The other striking thing to me is the incredible lack of personal responsibility the people who control the system. While they scorn the people of the community for not being able to keep up with the escalating obligations they imposed, they were doing the old-boy thing for their own irresponsibility — getting officials in nearby towns to drop speeding tickets and complaints for running stop signs.

I’m fortunate to live in a place where the police do their jobs well. I know the police do their jobs well because our town consistently is among those with the lowest crime rates in the nation. Not being a person of color, I don’t know if that’s a universally held view.

But I’m willing to bet that all residents of my town appreciate the safety of the community. That’s the feeling the people of Ferguson are entitled to as well. They should not feel as though they are a cash crop to be harvested.

4. There’s a common thread running between the Justice Department’s report on Ferguson and a terrific series on government debt collection by my former CNNMoney colleagues Blake Ellis and Melanie Hicken.

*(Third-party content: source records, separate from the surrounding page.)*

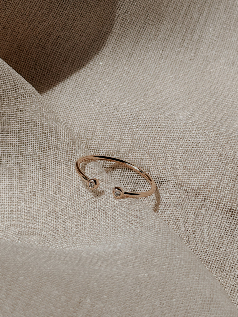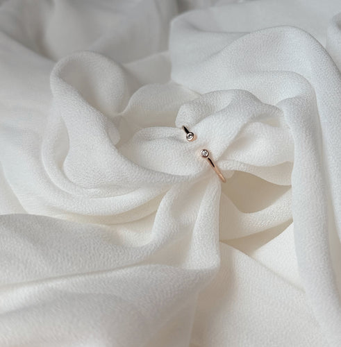 Two stunning Moissanites set beautifully in an open ended ring formation. The Didi is a perfect stand alone piece or can be paired with our Stella or Dina.
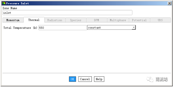 在Thermal选项卡中,Total Temperature输入550,单击OK按钮确认退出。
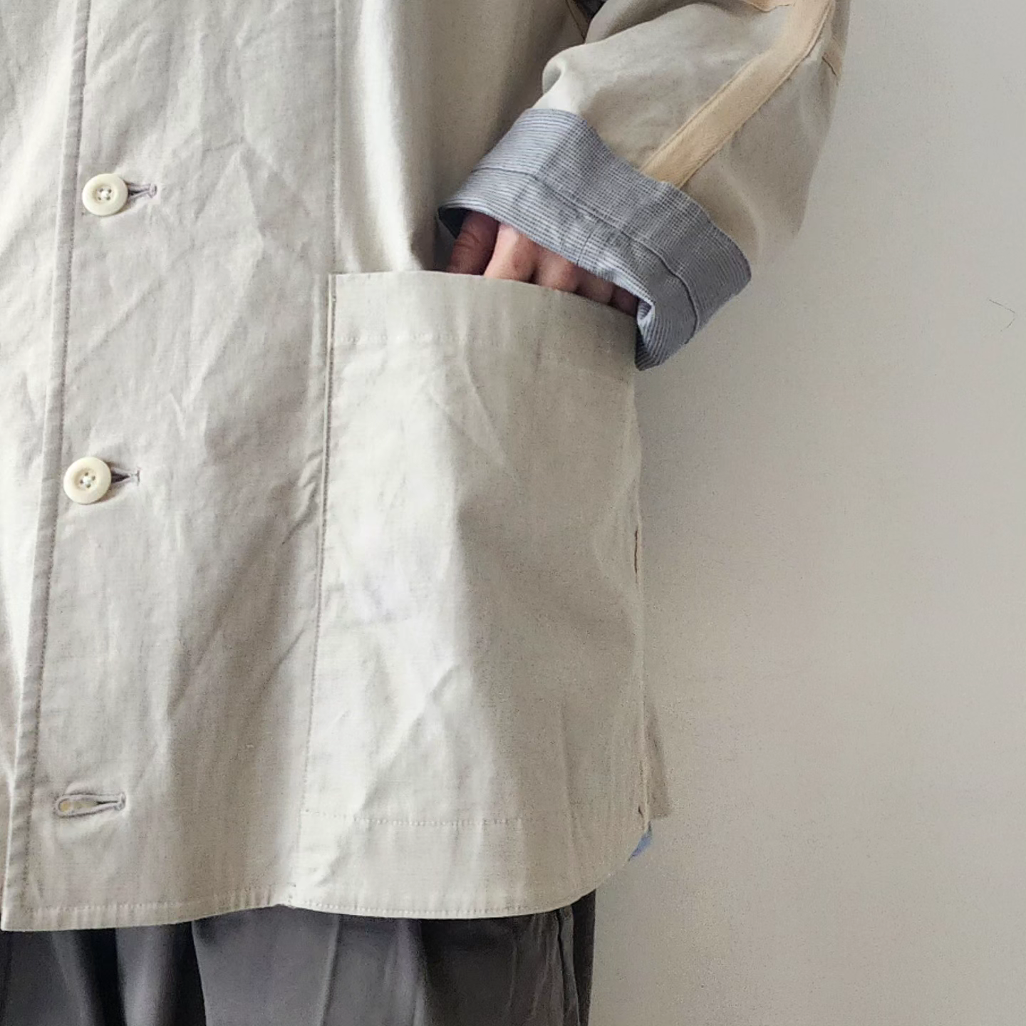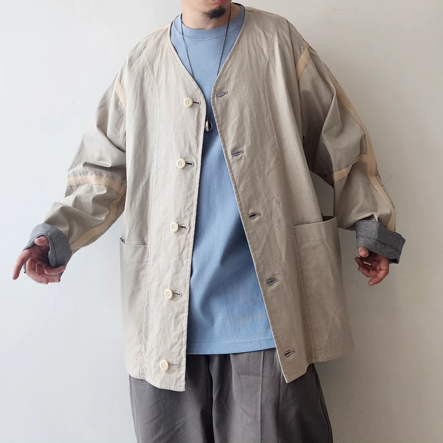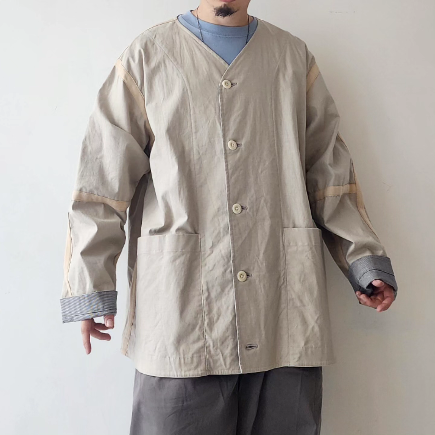 TS(S) / Linen*Cotton Stretch Cloth Reversible Seam Taping Collarless Jacket
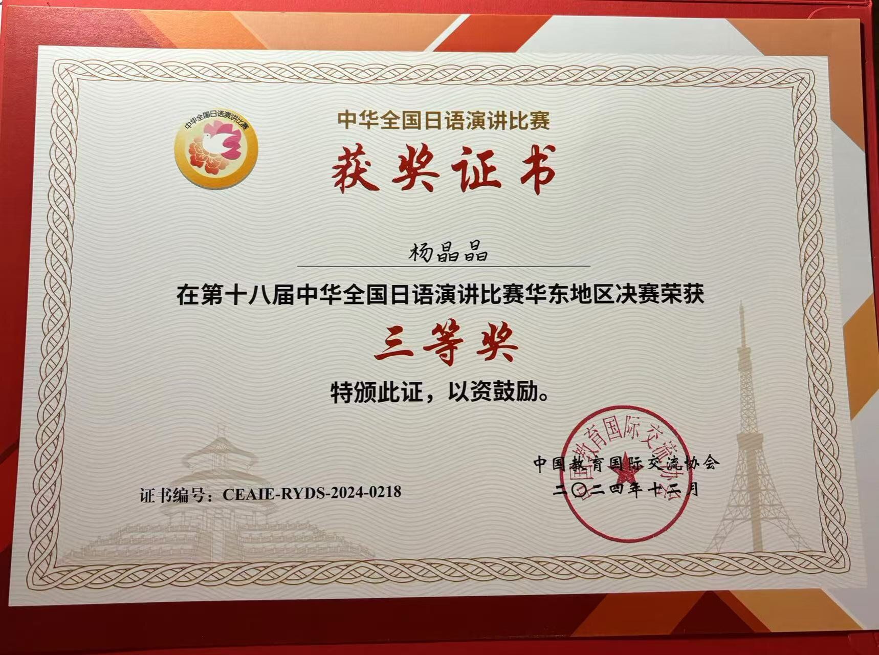 今年这项赛事汇集了全国各高校日语专业的优秀选手,级别高、难度大。杨晶晶同学在董旭阳和张艳琴老师的指导下,认真打磨演讲内容,反复练习日语发音,顺利通过预赛,与上海交通大学和上海外国语大学等知名高校的34名选手入围决赛。决赛分“命题演讲”和“即兴演讲”两部分,各校高手竞相角逐,比赛异常激烈。杨晶晶同学最终凭借扎实的日语功底,顺利完成了两个环节的演讲,赢得了评委的认可。

In that series, Ms. Ellis and Ms. Hicken describe how government agencies are using private debt collectors to get fees and penalties. The agencies are able to charge steep premiums and make threats, and can skirt around consumer protection laws to do so. (Here’s the latest story

The common thread in these stories is government’s need for money. By whatever means necessary. It doesn’t matter whether rights are trampled on or lives are ruined.

Now before you think this is going to be an anti-government rant, and that I’m going all Ron Paul on you, it’s not. It’s quite the opposite.

Governments need money to do the jobs that government is supposed to do. If you don’t believe that, take a look at the picture at the top of the page. That street needs in the background needs to be plowed (and, in fact, was a few minutes after the photo was taken). The road underneath it, battered by freeze-and-thaw cycles that have rendered it a moonscape, needs paving work.

Somebody, somehow, has got to pay for that. That somebody is us. That somehow is our taxes.

Americans grumble so much about taxes that the only way you can be elected to office is to say you’re cutting them. Saying you’ll raise taxes — or not saying you won’t — is the third rail of politics in this country. And hey, my accountant is about to tell me how much of my money I have to send to Washington, Albany and Trenton (!!!).

But when tax revenue falls short, governments have to find ways to get the money to plow those streets and pave them in the spring. They have to find ways to pay the cops who patrol towns and cities.

They resort to what they do in Ferguson, or what you’ll read in the CNNMoney stories. Unless the attitude changes, we might be hearing about this kind of crap for awhile.